We have compared the centroids shown in Fig. 1 to those computed using a full-hemispheric domain (north of 20°N) in order to provide a test of the sensitivity to the choice of lateral boundary. The two sets of patterns (not shown) are nearly identical over the hemispheric region 150°–30°W. The clusters that we have called the AH and AL have elements of both the Northern Hemisphere annular mode (Thompson and Wallace 2000) and the NAO (Hurrell 1995).
As in SM04, consistency with respect to variable and region also hold for values of k other than 4; however, it is important to note that they do hold for k = 4.
Finally, we show that the patterns given in Fig. 1 for NCEP54 are consistent with the cluster centroids obtained using other combinations of PCs retained and quasi-stationary filtering parameter α. Table 5 reports the average pattern correlation between the clusters of the standard NCEP54 calculation (six PCs, α = 0.50) and a number of other configurations. For each pair of configurations and for each k all possible pairwise matchings are considered, and the matching with the maximum average correlation is chosen.
5. Clusters of the Grand Ensemble
The cluster centroids of geopotential height for k = 4 are shown for the “Grand Ensemble” with the standard parameters (six EOFs, α = 0.50) in Fig. 4. Compared to Fig. 2, we are able to easily recognize the counterpart of the NCEP18 Alaskan ridge, Arctic low, and the Pacific trough from the simulations (Figs. 6a–c). (The corresponding pattern correlations are 0.74, 0.76, and 0.84.) The AH cluster in nature is replaced in the GCM results with a distinctive zonally oriented wave train pattern (Fig. 6d).

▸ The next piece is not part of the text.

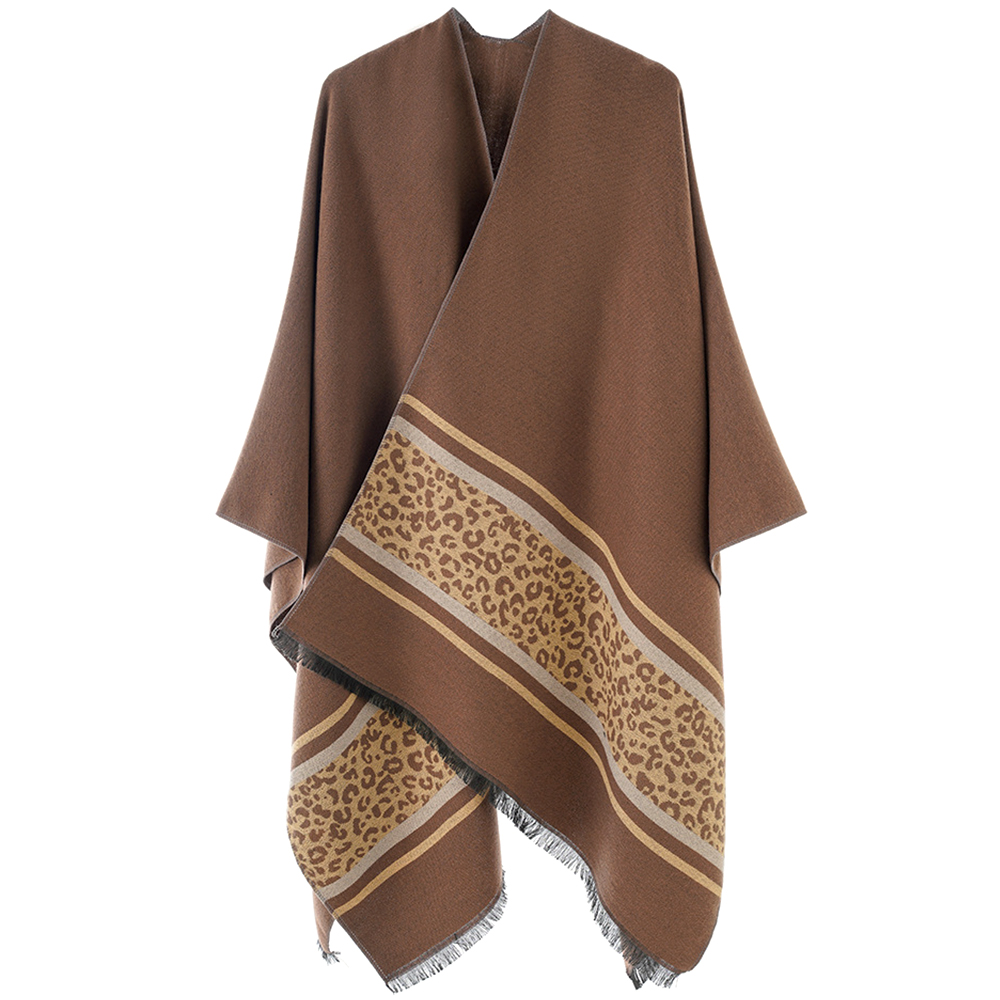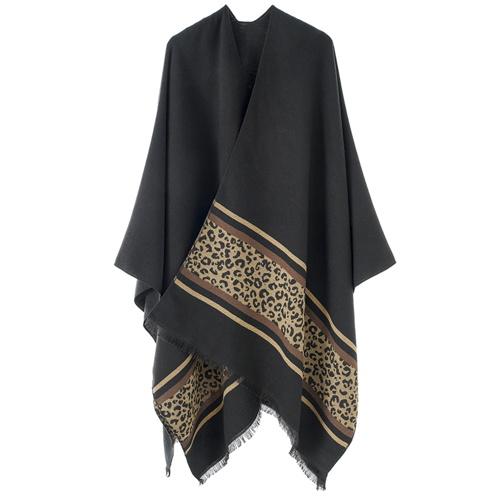 FASHION LEOPARD PRINT MIX FRONT OPEN PONCHO

Despite the overall pattern agreement for the AR, AL, and PT regimes, there are some differences. To assess these differences, we compute the pattern correlation for each regime from the cluster analyses based on each of the 55 members of the EXP18 samples, and the cluster analysis based on the entire GE18. From these values we construct a probability distribution function, which is shown for each regime in Fig. 5. We match the regime centroids in each of the EXP18 sample clusters with those in the GE18 as before, by considering all possible pairings of k centroids and retaining the pairing with the largest average correlation. The width of the PDFs for the AL and AH patterns indicates that these clusters, although significant within the entire GE18, are less reproducible across samples than the AR and PT. In fact, if only two clusters are retained in the GE18 analysis (k = 2), the centroids obtained strongly resemble the AR and PT (not shown).
For the AR and PT regimes, the PDF of pattern correlation has most of its weight at values higher than the pattern correlation between the NCEP18 and GE18 centroid (shown as a vertical line in Fig. 5), indicating that the subtle differences between simulated and observed patterns are in fact significant vis-à-vis expected sampling variations. The AL correlation of 0.76, however, lies within the (wide) range indicated by the sampling PDF, so we can say that this simulated regime pattern has statistically significant agreement with the reanalyses.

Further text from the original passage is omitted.